None of the focal redstarts used in these experiments had been previously exposed to a playback that season, although some had responded to a playback in previous years when they were first banded. Birds banded within a season exhibit a reduced response to song playback in that same season, but when exposed to playbacks a year later their responses were at preexposure strength (Marra PP, unpublished data). Experiments on the same day were always conducted on individuals more than 200 m apart to avoid exposing other potential experimental birds to the sound of the playback or sight of the decoy.
Data analysis
I used chi-square analysis to test if (1) the proportion of territorial
displacements differed between habitats, (2) males did more displacing than
females in mangrove, (3) AHYs did more displacing than HYs in mangrove, (4)
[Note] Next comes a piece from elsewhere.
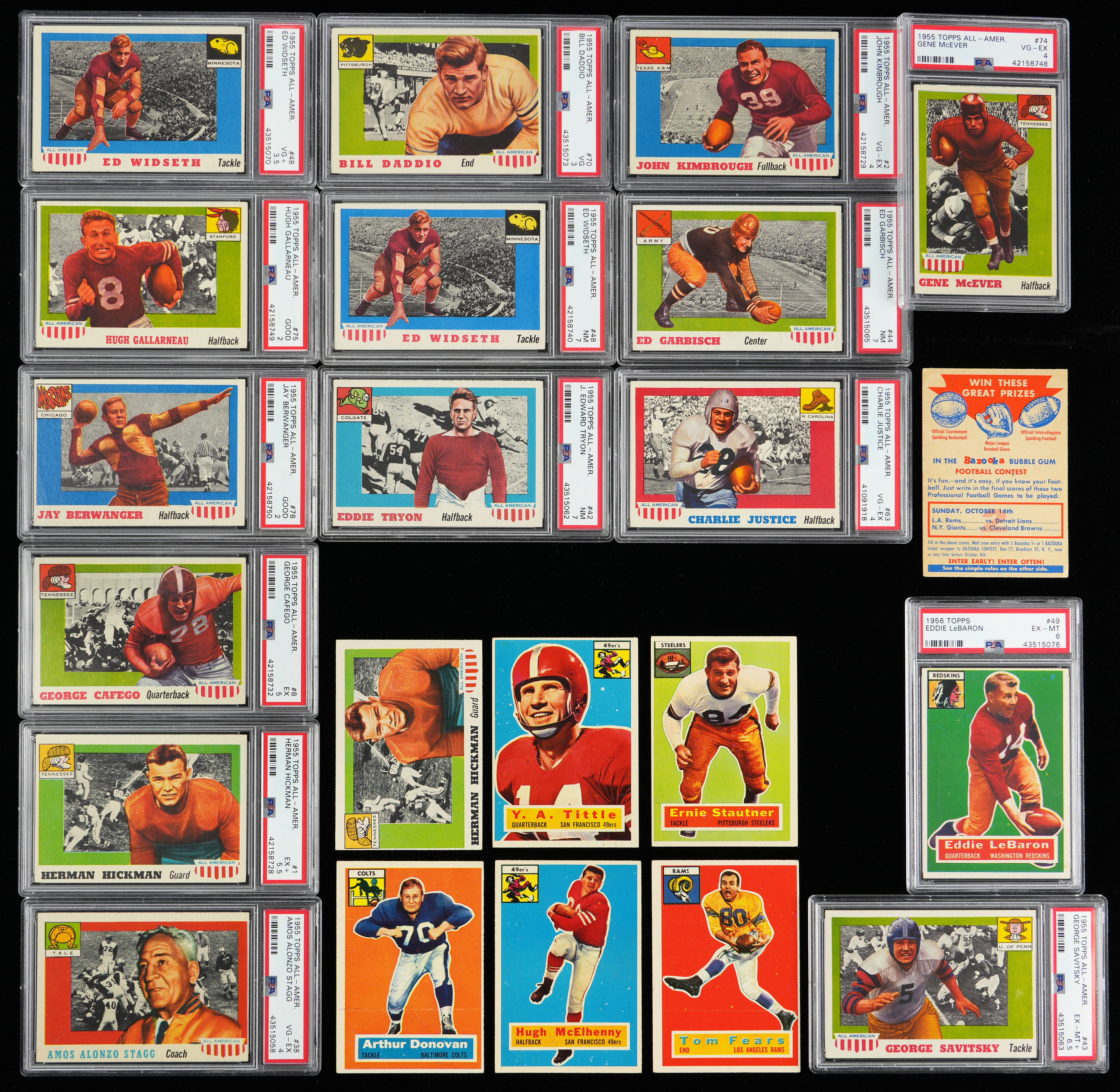 1955 Topps All-American Football: (33 cards, ungraded average VG-EX to EX, includes 14 PSA graded) with (2) #1 Hickman RC (one PSA EX+ 5.5, one VG), #38 Stagg RC (PSA VG-EX 4); PSA NM 7 Commons: (3 cards) with #42, 44, 48; PSA EX-MT+ 6.5: #43; PSA EX 5: #8; PSA VG-EX 4 Commons: (3 cards) with #2, 63, 74; PSA VG+ 3.5: #48; PSA VG 3 Common: #70; PSA GOOD 2 Commons: (2 cards) with #75, 78;

the sex ratio of birds removed within each habitat differed from the
replacements, and (5) the proportion of each sex present between habitats
changed after removal. The effects of habitat (mangrove versus scrub) and sex
(male versus female) on the number of dives, attacks, and response score
exhibited by redstarts during playbacks experiments were examined by standard
two-way analysis of variance. Because sample sizes were too small for males in
female-biased habitat to include age (HY versus AHY) in the model, a separate
analysis was conducted on females to test for the effects of habitat and age.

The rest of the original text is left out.